Performance Indicators

  • Query latency within acceptable thresholds
  • Indexing throughput meeting requirements
  • No persistent thread pool rejections
  • Search queue sizes remain manageable

Cluster Operations

  • No ongoing shard relocations or recoveries (unless planned)
  • No pending tasks accumulating in the cluster state
  • Snapshot and restore operations completing successfully

Standard APIs for Cluster Health Monitoring

Elasticsearch provides several built-in APIs to assess and monitor cluster health:

Cluster Health API

The primary API for checking overall cluster status:

Basic Health Check

GET /_cluster/health

Response includes:

  • status: green, yellow, or red
  • number_of_nodes: Total nodes in cluster
  • active_primary_shards: Count of active primary shards
  • active_shards: Total active shards
  • relocating_shards: Shards currently moving between nodes
  • initializing_shards: Shards being initialized
  • unassigned_shards: Shards not yet allocated

Index-Level Health

GET /_cluster/health?level=indices

Shows health status for each index individually, helping identify which indices have issues.

Shard-Level Health

GET /_cluster/health?level=shards

Provides detailed shard-by-shard health information for deep troubleshooting.

Wait for Status

GET /_cluster/health?wait_for_status=green&timeout=30s

Blocks until cluster reaches specified status or timeout expires, useful for automation and deployment scripts.
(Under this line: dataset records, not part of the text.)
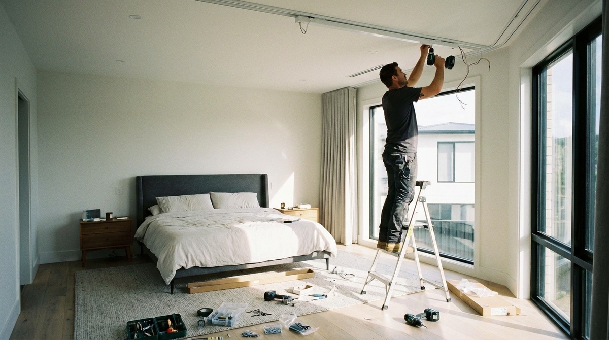 Присоедините двигатель к карнизу и проверьте работу прямо на полу. Шторы пока не вешаем — просто убе
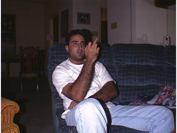 A man is sitting in a chair wearing white shirt and jeans holding up his middle finger lol.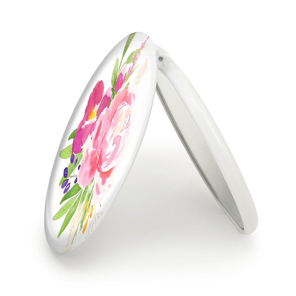 آینه های تاشو گل خندالو، از جنس پلاستیک فشرده ABS تولید شده و به رنگ سفید می باشد. یکی از آینه ها ابعاد واقعی را نشان داده و دیگری با قابلیت بزرگنمایی، جزئیات را بهتر نمایش می دهد. ابعاد هر یک از آینه ها، دایره ای به قطر 7.5 سانت می باشد که نه خیلی بزرگ و غیر قابل استفاده در کیف آرایشی ست و نه خیلی کوچک که تصویر خاصی در آن مشاهده نشود. آینه تاشو گل سایزی استاندارد و کارآمد دارد و در هر کیفی جا میگیرد. چاپ طرح بوسیله چاپگرهای دیجیتال شش رنگ با شفافیت و کیفیتی مثال زدنی بر روی یک وجه از بدنه ی آینه انجام گرفته و با روکش لمینت حرارتی پوشیده شده که در مقابل آسیب و خط و خش مقاوم بوده و کیفیت بالایی دارد. درب آینه بوسیله قفل بدنه ی آن، باز نمی ماند و کاملا بسته می شود و مناسب قرار گیری در کیف لوازم آرایش و کیف های کوچک دستی نیز هست. آینه های تاشو گل خندالو با تنوع طرحی بسیار بالا، سلیقه هر نوع مخاطبی را تامین میکند.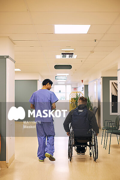 Manlig läkare går bredvid rullstolsburen man i sjukhuskorridor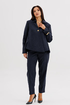Костюм женский состоящий из жакета и юбки. Жакет женский из трикотажной ткани прямого силуэта на подкладке. На деталях переда настрочены накладные карманы округлой формы застегивающиеся на декоративные кнопки. Спинка прямая. Рукав двухшовный с имитацией шлицы. Горловина округлой формы. Жакет застегивается на декоративные кнопки.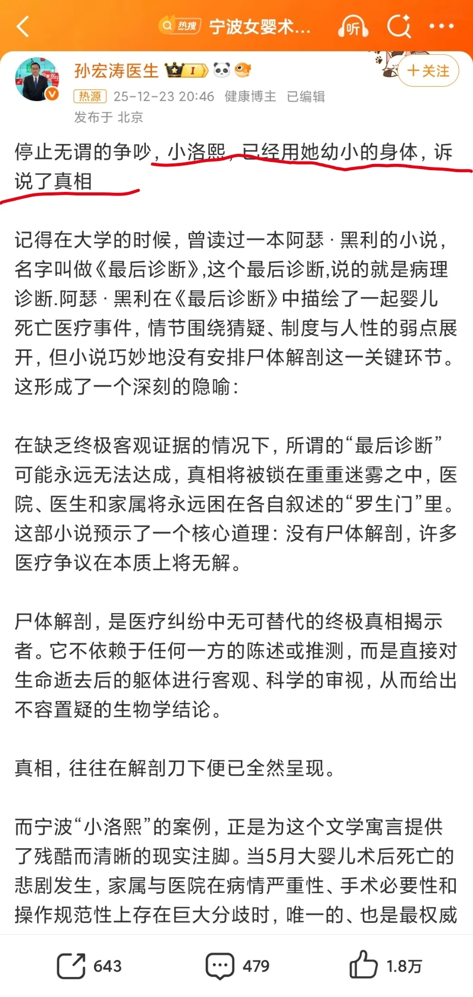 这句话一语中的,是啊,小洛熙已经用她幼小的身体诉说了真相。她的身体的报告,是一切问题的答案。#小洛熙##小洛熙爸爸#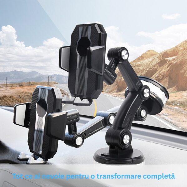 Brat extensibil cu articulatii multiple pentru ajustare perfecta – transformare completa a suportului pentru confort si vizibilitate optima in timpul condusului. Ideal pentru parbriz sau bord.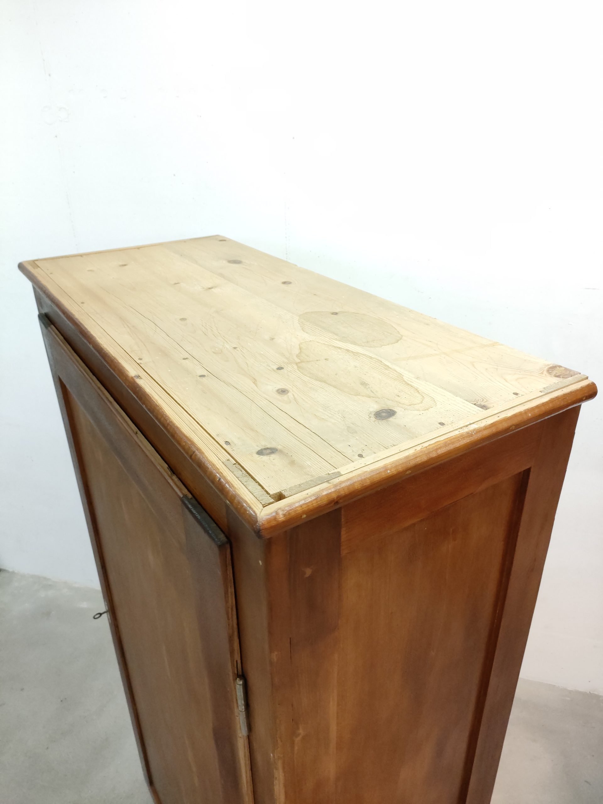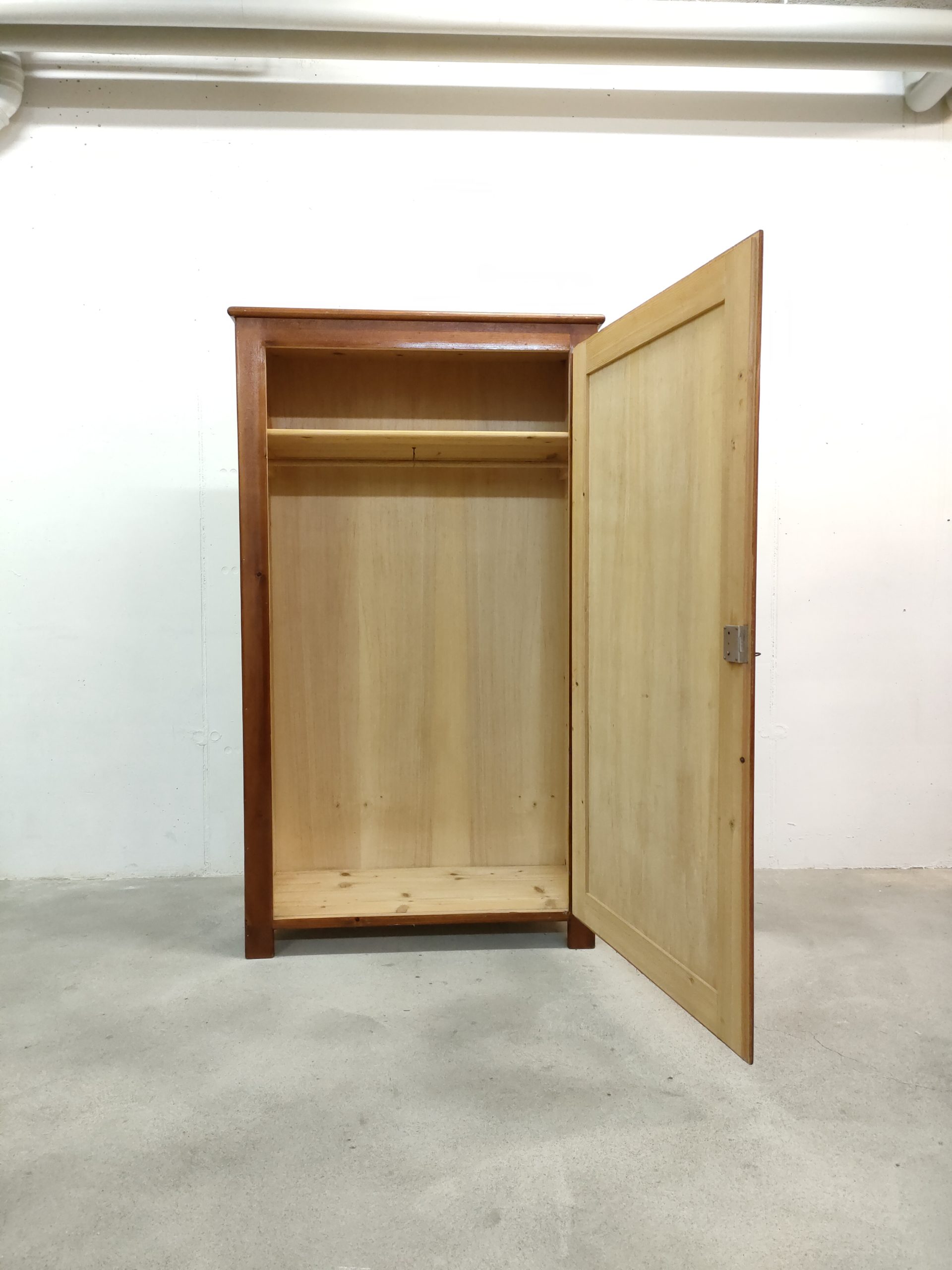 Produit venduArmoire en bois avec espace penderie et étagère à l’intérieur. Quelques traces sur le bois et des décolorations à certains endroits (voir photos). L’armoire et stable et solide et parfaitement fonctionnelle.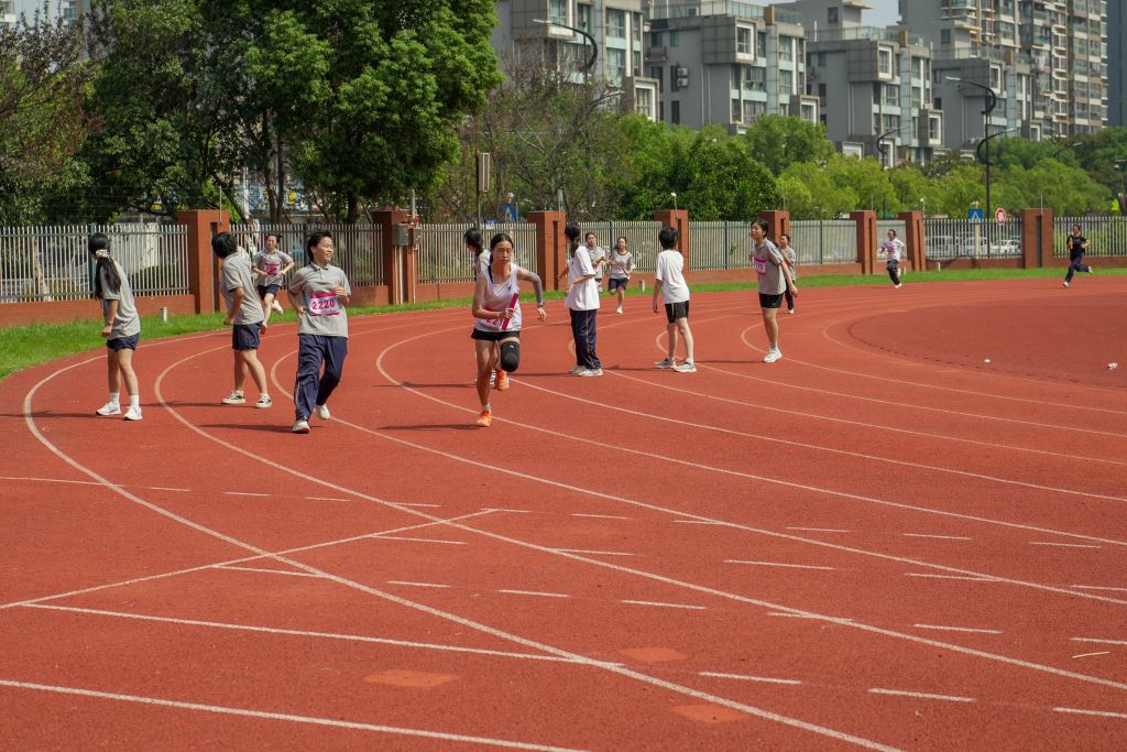 1500 米赛道上,是一场毅力的较量。选手们一开始都保持着稳定的节奏,随着路程的增加,体力逐渐消耗,但没有人放弃。他们咬紧牙关,一步一步地向前跑着,汗水湿透了衣衫,但眼神依然坚定。有的同学虽然落在了后面,但依然坚持跑完全程,赢得了全场观众的点赞和掌声。这不仅仅是一场长跑比赛,更是一次对自我意志的考验。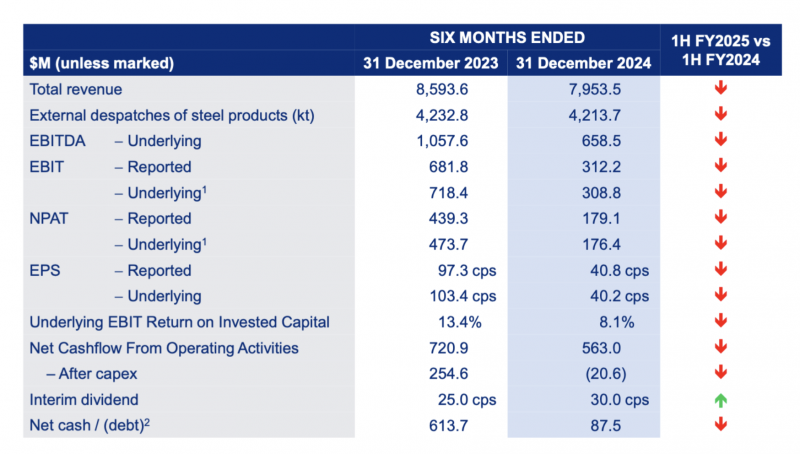 Looking at the usual financial metrics vs PCP, BlueScope’s results only had one “green” arrow out of an entire column of indicators; it’s increased its dividend price.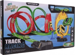 Odkrijte mega zabavo z Otroško Dirkalno Progo Mega Wyrzutnia Fire Track. Ta set združuje dve vzporedni dirkalni progi, ki omogočata dvojno dirkanje. Proga je opremljena s segmenti z ravninami za izjemno hitrost in osupljivimi 360° zankami za napete akrobatske trike.

Cat APIs for Health Monitoring

The Cat APIs provide human-readable output for quick health checks:

Cat Health

GET /_cat/health?v

Compact view of cluster health with timestamp, perfect for scripting and regular monitoring.

Cat Nodes

GET /_cat/nodes?v&h=name,heap.percent,ram.percent,cpu,load_1m,disk.used_percent

Shows resource utilization across all nodes to identify overloaded systems.

Cat Shards

GET /_cat/shards?v&h=index,shard,prirep,state,docs,store,node&s=store:desc

Lists all shards with their status, helping identify unassigned or problematic shards.

Cat Indices

GET /_cat/indices?v&health=yellow&health=red

Shows only indices that are not in green health status.

Cluster Stats API

Comprehensive cluster-wide statistics:

GET /_cluster/stats

Returns detailed information about:

  • Node roles and versions
  • Index and shard counts
  • Document counts and storage size
  • JVM versions and memory usage
  • Plugin information

Nodes Stats API

Detailed statistics for each node:

GET /_nodes/stats

Provides extensive metrics including:

  • JVM heap and garbage collection
  • Thread pools and rejections
  • File system and disk I/O
  • HTTP and transport layer stats
  • Indexing and search performance

Specific Metrics

GET /_nodes/stats/jvm,process,fs

Filter to only the metrics you need for faster responses.

Task Management API

Monitor long-running operations:

GET /_tasks?detailed=true&group_by=parents

Shows currently executing tasks like:

  • Ongoing searches
  • Indexing operations
  • Snapshot creation
  • Cluster state updates

Pending Tasks API

Identify cluster state update bottlenecks:

GET /_cluster/pending_tasks

Returns tasks waiting to be processed by the master node, which can indicate cluster state update issues.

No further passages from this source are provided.